(Entries taken from a collection)
|---|

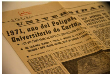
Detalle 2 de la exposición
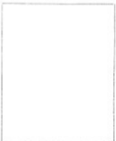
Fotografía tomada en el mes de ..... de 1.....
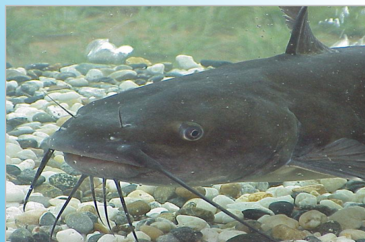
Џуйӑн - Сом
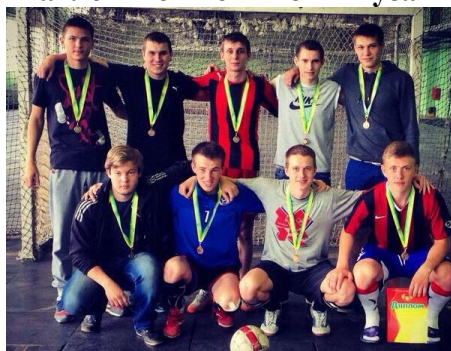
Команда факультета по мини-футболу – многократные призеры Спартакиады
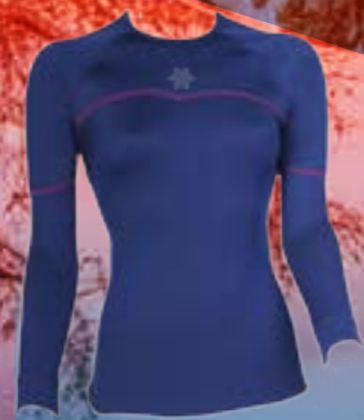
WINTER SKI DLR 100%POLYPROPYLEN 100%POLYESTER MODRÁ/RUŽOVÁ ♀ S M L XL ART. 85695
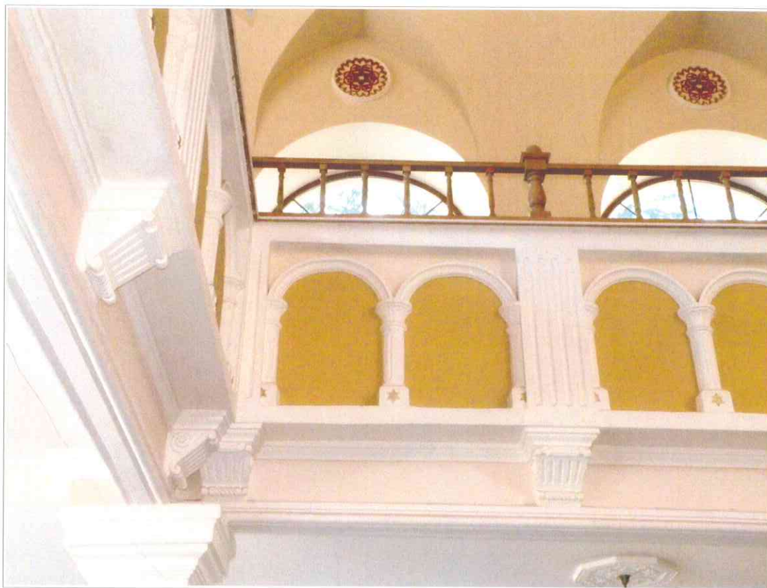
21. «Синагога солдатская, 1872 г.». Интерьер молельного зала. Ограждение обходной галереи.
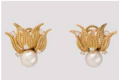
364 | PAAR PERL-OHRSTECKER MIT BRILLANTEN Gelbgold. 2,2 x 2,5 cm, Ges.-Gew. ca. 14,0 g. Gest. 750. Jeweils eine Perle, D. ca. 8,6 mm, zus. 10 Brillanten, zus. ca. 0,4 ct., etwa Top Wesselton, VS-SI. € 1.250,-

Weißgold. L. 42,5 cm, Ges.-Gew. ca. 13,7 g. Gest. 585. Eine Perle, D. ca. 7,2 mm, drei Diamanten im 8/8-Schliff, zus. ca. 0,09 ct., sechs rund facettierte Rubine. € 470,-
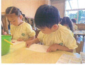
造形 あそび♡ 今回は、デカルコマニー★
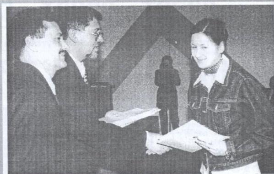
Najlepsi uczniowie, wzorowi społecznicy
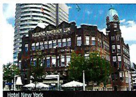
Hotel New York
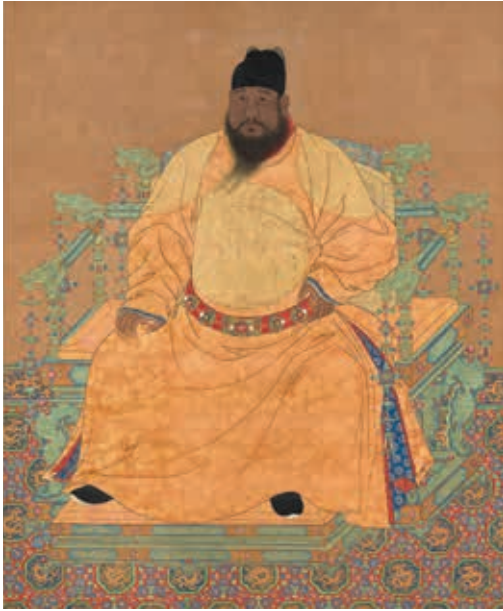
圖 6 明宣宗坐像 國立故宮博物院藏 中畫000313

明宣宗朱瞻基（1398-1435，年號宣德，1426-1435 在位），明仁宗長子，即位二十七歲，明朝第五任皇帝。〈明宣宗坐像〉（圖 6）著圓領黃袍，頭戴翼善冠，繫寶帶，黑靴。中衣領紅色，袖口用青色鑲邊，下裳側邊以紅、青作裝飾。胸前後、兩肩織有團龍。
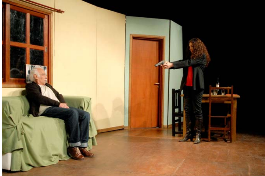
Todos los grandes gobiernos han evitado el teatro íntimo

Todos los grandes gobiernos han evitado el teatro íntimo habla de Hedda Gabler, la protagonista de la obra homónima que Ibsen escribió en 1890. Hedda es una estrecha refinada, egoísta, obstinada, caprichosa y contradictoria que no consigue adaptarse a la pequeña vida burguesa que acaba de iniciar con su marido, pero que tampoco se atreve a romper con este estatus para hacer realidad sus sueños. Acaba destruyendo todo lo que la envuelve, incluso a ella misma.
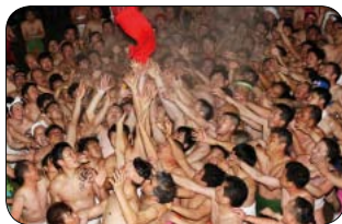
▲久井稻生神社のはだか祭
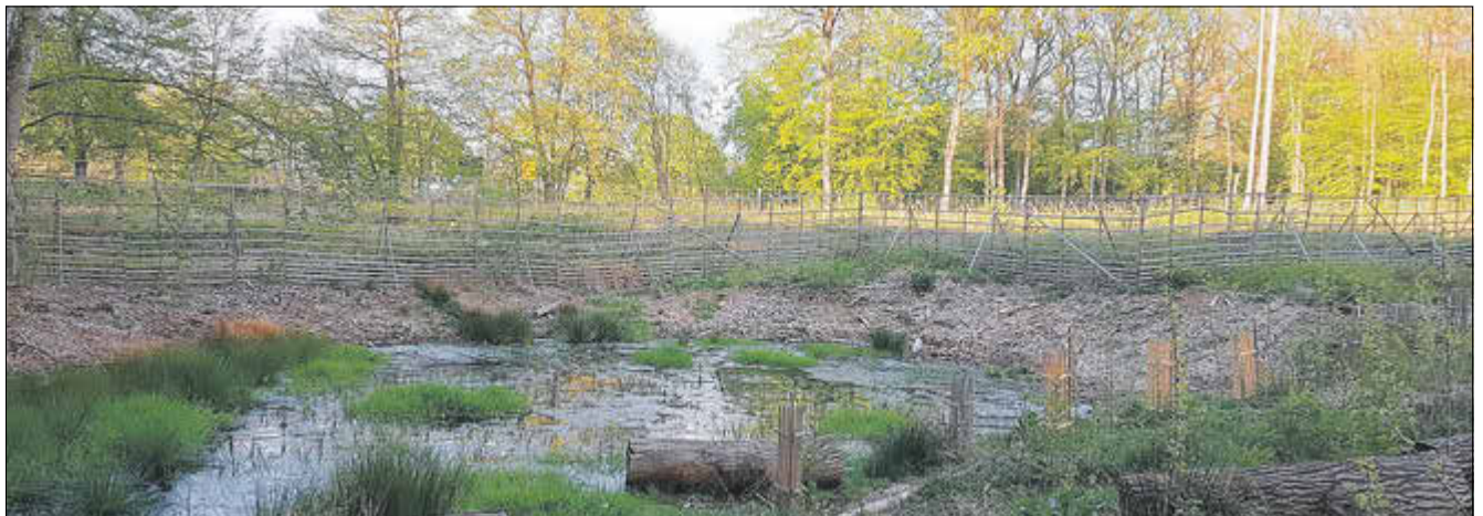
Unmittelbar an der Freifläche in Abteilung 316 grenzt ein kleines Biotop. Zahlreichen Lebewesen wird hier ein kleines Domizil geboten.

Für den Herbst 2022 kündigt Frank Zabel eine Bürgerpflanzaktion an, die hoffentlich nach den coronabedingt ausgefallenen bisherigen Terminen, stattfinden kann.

|---|

**Task description:**
Please copy the records above word for word, omitting every picture.

**Exercise answer:**
Detalle 2 de la exposición
Fotografía tomada en el mes de ..... de 1.....
Џуйӑн - Сом
Команда факультета по мини-футболу – многократные призеры Спартакиады
WINTER SKI DLR 100%POLYPROPYLEN 100%POLYESTER MODRÁ/RUŽOVÁ ♀ S M L XL ART. 85695
21. «Синагога солдатская, 1872 г.». Интерьер молельного зала. Ограждение обходной галереи.
364 | PAAR PERL-OHRSTECKER MIT BRILLANTEN Gelbgold. 2,2 x 2,5 cm, Ges.-Gew. ca. 14,0 g. Gest. 750. Jeweils eine Perle, D. ca. 8,6 mm, zus. 10 Brillanten, zus. ca. 0,4 ct., etwa Top Wesselton, VS-SI. € 1.250,-

Weißgold. L. 42,5 cm, Ges.-Gew. ca. 13,7 g. Gest. 585. Eine Perle, D. ca. 7,2 mm, drei Diamanten im 8/8-Schliff, zus. ca. 0,09 ct., sechs rund facettierte Rubine. € 470,-
造形 あそび♡ 今回は、デカルコマニー★
Najlepsi uczniowie, wzorowi społecznicy
Hotel New York
圖 6 明宣宗坐像 國立故宮博物院藏 中畫000313

明宣宗朱瞻基（1398-1435，年號宣德，1426-1435 在位），明仁宗長子，即位二十七歲，明朝第五任皇帝。〈明宣宗坐像〉（圖 6）著圓領黃袍，頭戴翼善冠，繫寶帶，黑靴。中衣領紅色，袖口用青色鑲邊，下裳側邊以紅、青作裝飾。胸前後、兩肩織有團龍。
Todos los grandes gobiernos han evitado el teatro íntimo

Todos los grandes gobiernos han evitado el teatro íntimo habla de Hedda Gabler, la protagonista de la obra homónima que Ibsen escribió en 1890. Hedda es una estrecha refinada, egoísta, obstinada, caprichosa y contradictoria que no consigue adaptarse a la pequeña vida burguesa que acaba de iniciar con su marido, pero que tampoco se atreve a romper con este estatus para hacer realidad sus sueños. Acaba destruyendo todo lo que la envuelve, incluso a ella misma.
▲久井稻生神社のはだか祭
Unmittelbar an der Freifläche in Abteilung 316 grenzt ein kleines Biotop. Zahlreichen Lebewesen wird hier ein kleines Domizil geboten.

Für den Herbst 2022 kündigt Frank Zabel eine Bürgerpflanzaktion an, die hoffentlich nach den coronabedingt ausgefallenen bisherigen Terminen, stattfinden kann.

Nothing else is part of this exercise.